Biocompatible polymeric matrix and preparation thereof

USPTO Application #: 20070077305
Title: Biocompatible polymeric matrix and preparation thereof
Abstract: The invention discloses a biocompatible polymeric matrix which is functionalized through the reaction with a functionalizing agent including protonated carboxylic acid groups. There is also disclosed a method of preparation of the polymeric matrix and a pharmaceutical composition including the matrix as a carrier for controlled release of a bioactive agent. The pharmaceutical composition is suitable for immobilizing and protecting the bioactive agent from denaturing factors, and can take various forms such as tablets, spheres, films, hydrogels, and emulsions.
(end of abstract)
Agent: Ogilvy Renault LLP - Montreal, QC, CA
Inventors: Tien Canh Le, Tu Hao Tran, Mircea-Alexandru Mateescu
USPTO Applicaton #: 20070077305 - Class: 424488000 (USPTO)

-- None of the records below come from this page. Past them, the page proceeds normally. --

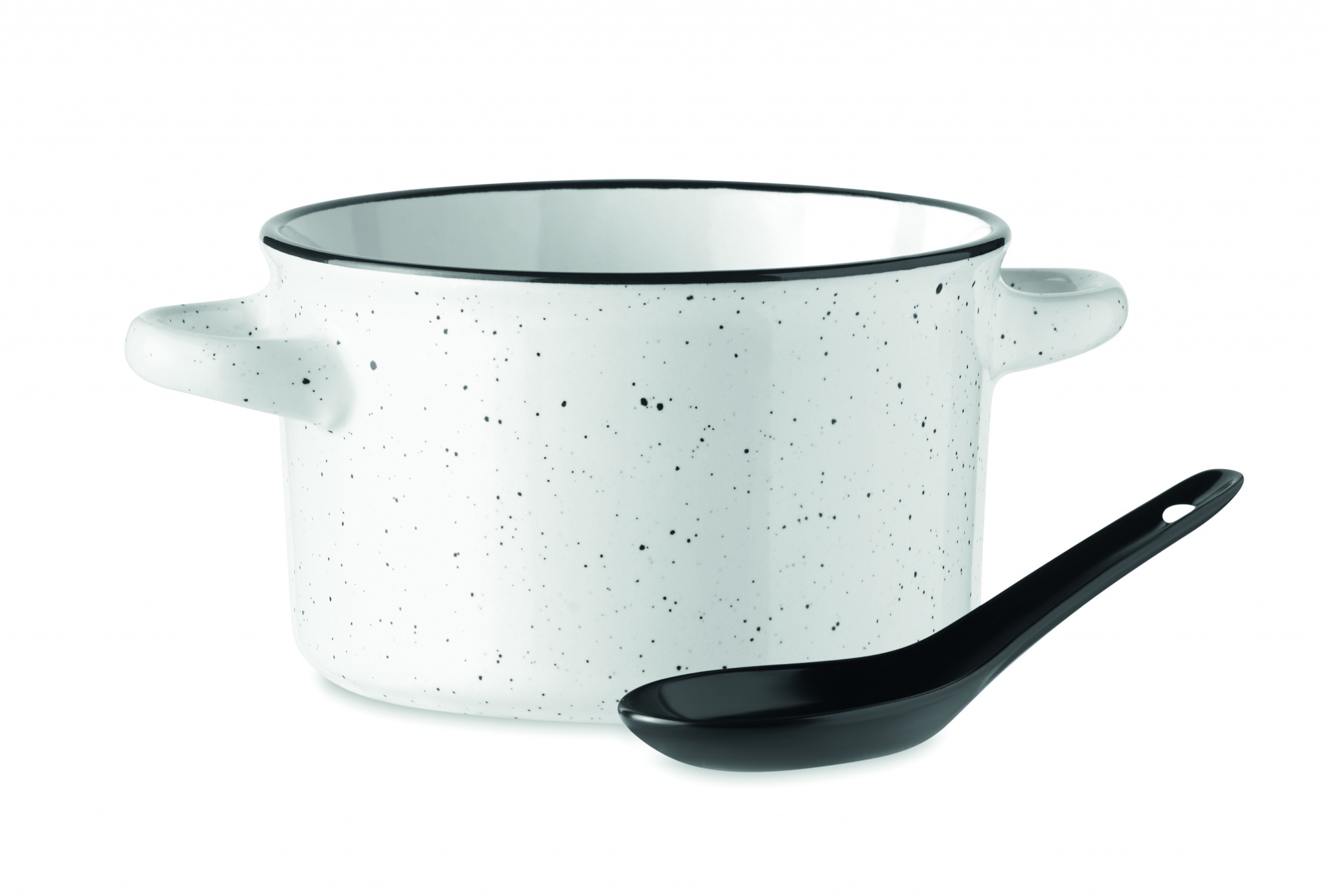 Керамическая суповая миска в винтажном стиле с ложкой. Из-за пятнистой поверхности изделия на логотипе также возможны затемнения в местах пятен. Объем: 550 мл.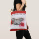 Pretty photo of a black and white butterfly, among pink and red flowers, is featured on this holiday tote bag. You can personalize it with a name or text of your choice, making this a perfect gift for Valentine's Day, Mother's Day, birthdays and more! Great for shopping, travel, work, school and more, sturdy and machine washable too.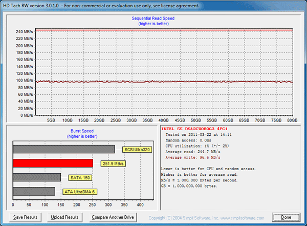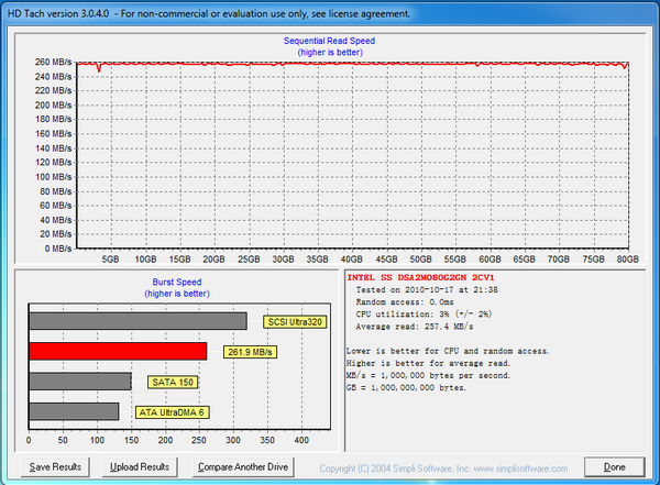 В этом тесте также победил SSD предыдущего поколения - его показатель чтения равняется 257.4МБ/с против 244.7МБ/с. Говоря откровенно, уже начинаю жалеть что не купил X25M-G2 ещё много месяцев назад, когда они довольно дёшево (250 долларов за 120ГБ модель) продавались на ebay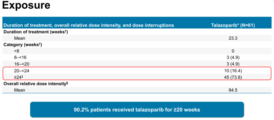 10例(16.4%)患者因疾病进展停止研究治疗。1例患者因为新冠疫情限制停止治疗。2例患者因为其他原因提早手术退出研究。9例患者接受药物的剂量<80%。98.4%患者报告治疗相关不良反应:1级27.9%,2级23%,3级45.9%,4级1.6%。其中最严重的是乏力、恶心和脱发。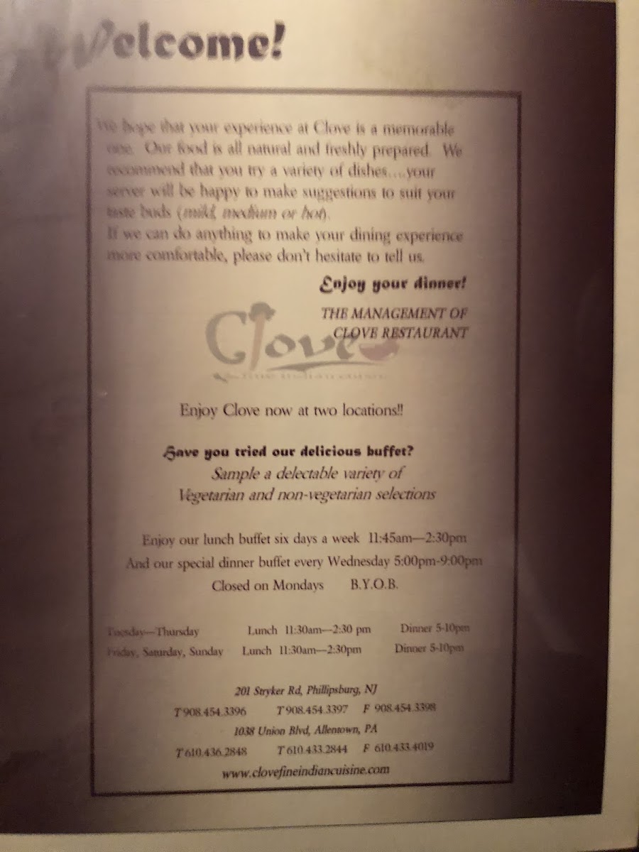 The menu at Clove Fine Indian Cuisine offers a thoughtful balance of classic Indian dishes and comforting flavors, presented in a straightforward and approachable way. Whether you're stopping by for a casual lunch or settling in for a relaxed dinner, the selection invites both newcomers and those familiar with Indian cuisine to enjoy hearty, satisfying meals.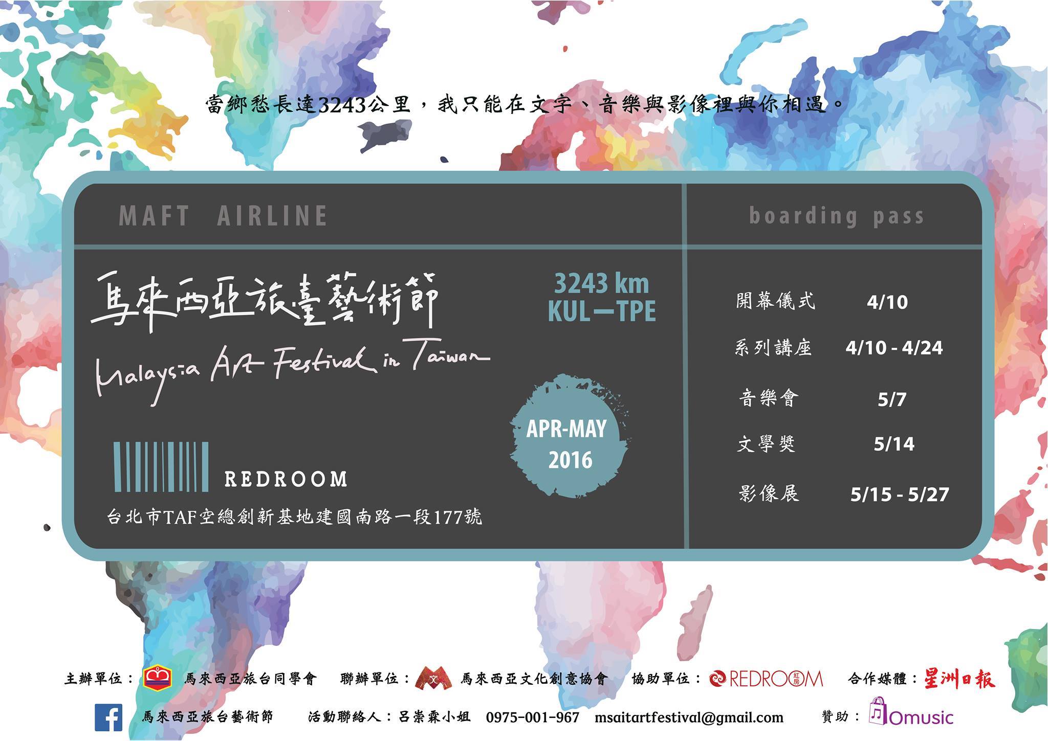 一、 為發掘音樂、文學及攝影三大領域的大馬旅台學子,並與台灣本地學生進行藝術交流,推廣馬來西亞旅台藝術家的作品,馬來西亞旅臺同學會將於105年4月至5月期間舉辦「第二 屆馬來西亞旅台藝術節」。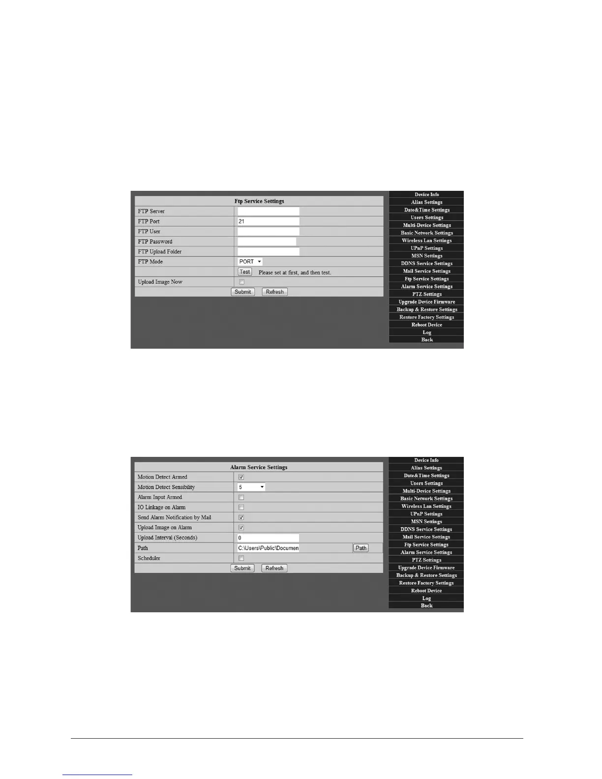 see Secon 3.6 - Alarm Service Sengs). Enter your FTP server details in the elds provided.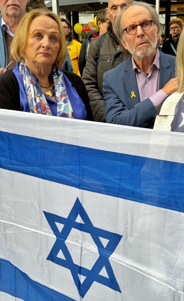 Extra angereist für die Gedenkveranstaltung waren zwei Israelische Überlebende des 7. Oktobers. Ihr Zuhause, das Kibbuz Nachal Oz, war auch überfallen worden. „Es war 10 Uhr morgens und wir haben begriffen, dass die Hamas-Terroristen bald an unserem Haus ankommen würden und niemand da sein würde, um uns zu retten. Wir hätten an diesem Tag für ein entspanntes Wochenende und einen Feiertag aufwachen sollen. Stattdessen sind wir um 6:28 Uhr vom Geräusch von Sirenen und der terroristischen Angriffe wach geworden“, sagten sie auf der Bühne.

Related Patent Categories: Drug, Bio-affecting And Body Treating Compositions, Preparations Characterized By Special Physical Form, Matrices, Polysaccharides (e.g., Cellulose, Etc.)
The Patent Description & Claims data below is from USPTO Patent Application 20070077305.
Brief Patent Description - Full Patent Description - Patent Application Claims  monitor keywords

BACKGROUND OF THE INVENTION

[0001] 1. Technical Field

[0002] The present invention discloses a type of biocompatible polymeric matrix which is functionalized to include carboxylic acid groups, a method of preparation of the polymeric matrix and a composition including the matrix as a carrier of a bioactive agent in various forms such as tablets, spheres, films, hydrogel, emulsions, etc.

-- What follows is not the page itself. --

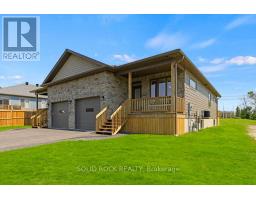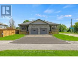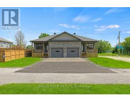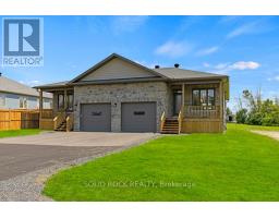 Iroquois-A great place to raise a family or retire! You will love the beautiful stone on front of your new bungalow & eye-catching James Hardie siding on the side & rear of home! Wall-to-wall ceramic tile & gleaming hrdwd in 1100 sq ft main level adds to the grandeur! The multitudes of big, bright windows make this brand-new Energy-Star semi feel like a single-family homeYou will be impressed with many builder upgrades from lifetime warranty shingles to 9 ft ceilings thru-out main level including in huge open concept grand room that extends from front door to rear patio door that leads to private rear deck & nice backyard! Soft close kitchen cabinets feature many pull-outs, custom hardware & crown moulding finished flush to ceiling at top of kitchen cabinetry-Centre island with breakfast bar will surely impress! Gorgeous new hi-end stainless steel energy efficient kitchen appliances as well as a brand-new washer & dryer! The east side of home features a spacious primary bedroom with large walk-in closet, 3-pc ensuite with quartz vanity countertops that match countertops in main level 4 pc bath as well as the quartz countertops in kitchen-Absolute wow-factor!-Other upgrade incl Inside entrance to the insulated garage as well as an 8 ft high garage door-Garage has both hot & cold water to wash your vehicle-Fully finished lower level has full height 8 ft ceilings & hi-end vinyl floor in both spacious bedroom with big egress windows, large family room & impeccable 3 pc bath for a possible in-law suite-200 amp breaker service, on-demand hot water & HE nat gas furnace-The bungalow has spray foam insulation on both levels incl utility room & even the garage! $70/mo. nat gas cost for heat/hot water-7-year new home warranty! -Walking distance to public school & high school-Anytime Fitness-grocery store-pharmacy-Tims-LCBO-RBC-24-hour gas bar-restaurants-one of the nicest beaches in Eastern Ontario-marina-waterfront golf course-Come for a look, you will be impressed! (id:47351)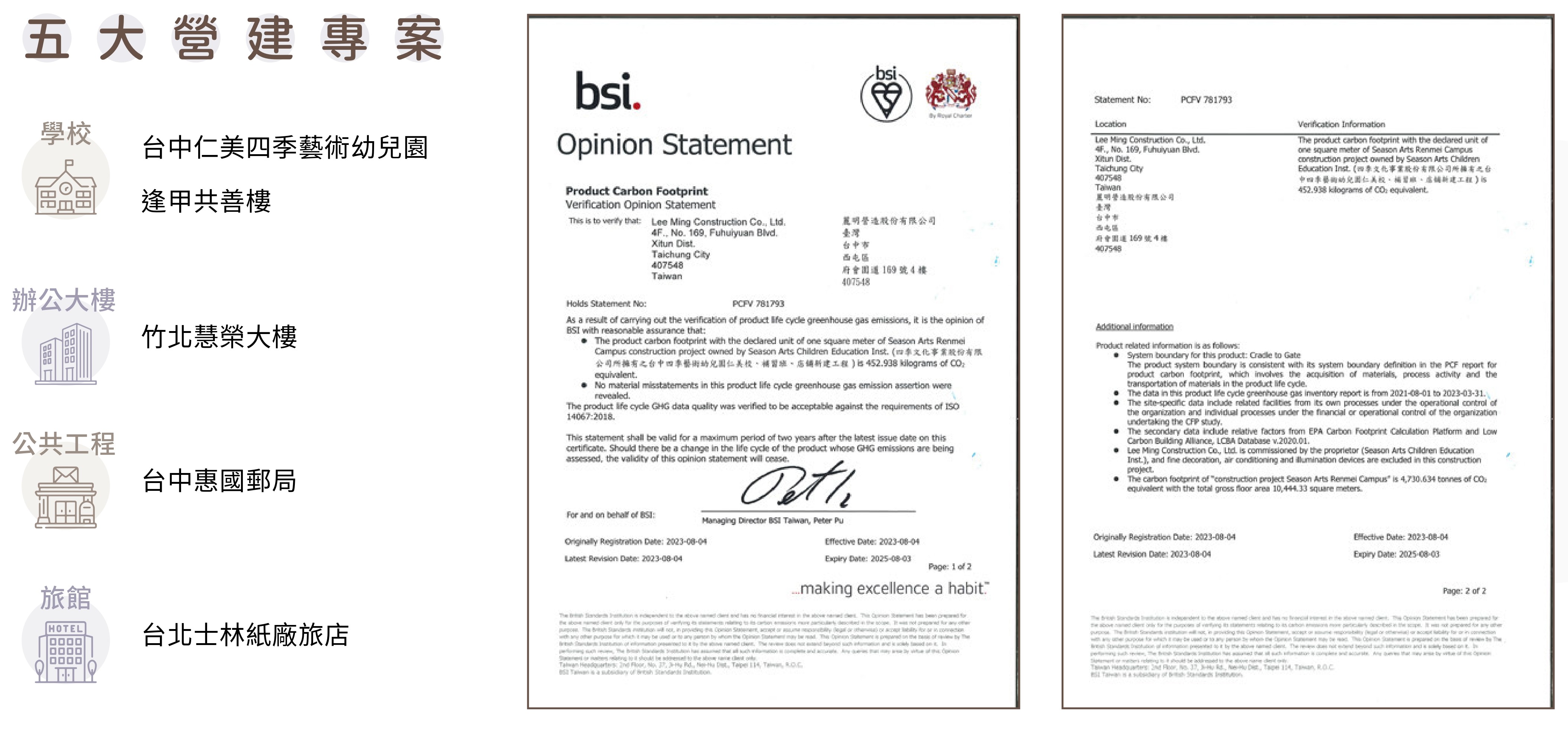 其中,麗明營造承攬的「台中仁美四季藝術幼兒園」成功通過英國標準協會(BSI)的 ISO 14067:2018 碳足跡標準查證,這不僅有助於公司精確掌握施工碳排放狀況,更進一步奠定了營建減碳決策的數據基礎,為未來低碳建築推動、減碳標準建立及施工效率提升提供有力支撐。

[0003] 1. Description of the Prior Art

[0004] There is a great need for polymer matrices able to protect and deliver orally administered bioactive agents, particularly small molecules such as peptides, antigens, drugs, etc. The main difficulties with the oral administered biopharmaceuticals include the fact that many bioactive agents are unstable in the gastrointestinal tract, particularly this results from various denaturant factors, including gastric acidity, proteolytic enzymes, bile acids or compounds present in certain food. The gastric acidity can inactivate certain bioactive agents particularly bioactive peptides and proteins during stomachal transit. Furthermore, biopharmaceuticals tend to be sensitive to the oxygen species and have a short half-life. Thus some biopharmaceuticals tend to diffuse poorly through to the intestinal tissue and thus are not delivered where they are needed.

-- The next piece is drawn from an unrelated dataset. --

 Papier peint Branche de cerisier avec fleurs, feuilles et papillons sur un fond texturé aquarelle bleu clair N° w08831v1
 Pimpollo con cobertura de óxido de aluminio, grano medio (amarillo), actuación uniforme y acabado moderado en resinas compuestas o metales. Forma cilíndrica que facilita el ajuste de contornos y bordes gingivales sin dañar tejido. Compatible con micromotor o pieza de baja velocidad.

[0005] The oral bioavailability of most peptides and proteins is less than 1%. The reasons for this are poor absorption of the peptides and proteins in the gastrointestinal tract and their degradation by proteolytic enzymes (pepsin, trypsin, chymotrypsin, etc). Furthermore, the absorption of proteins and peptides is different, at different regions of the intestine. The morphology of the intestine changes from one region to another and the proteolytic activity of proteases gradually decrease from the duodenum to the large intestine. This suggests that there may be an optimal site for peptides and proteins release in the small intestine and that the selective delivery into the small intestine is necessary.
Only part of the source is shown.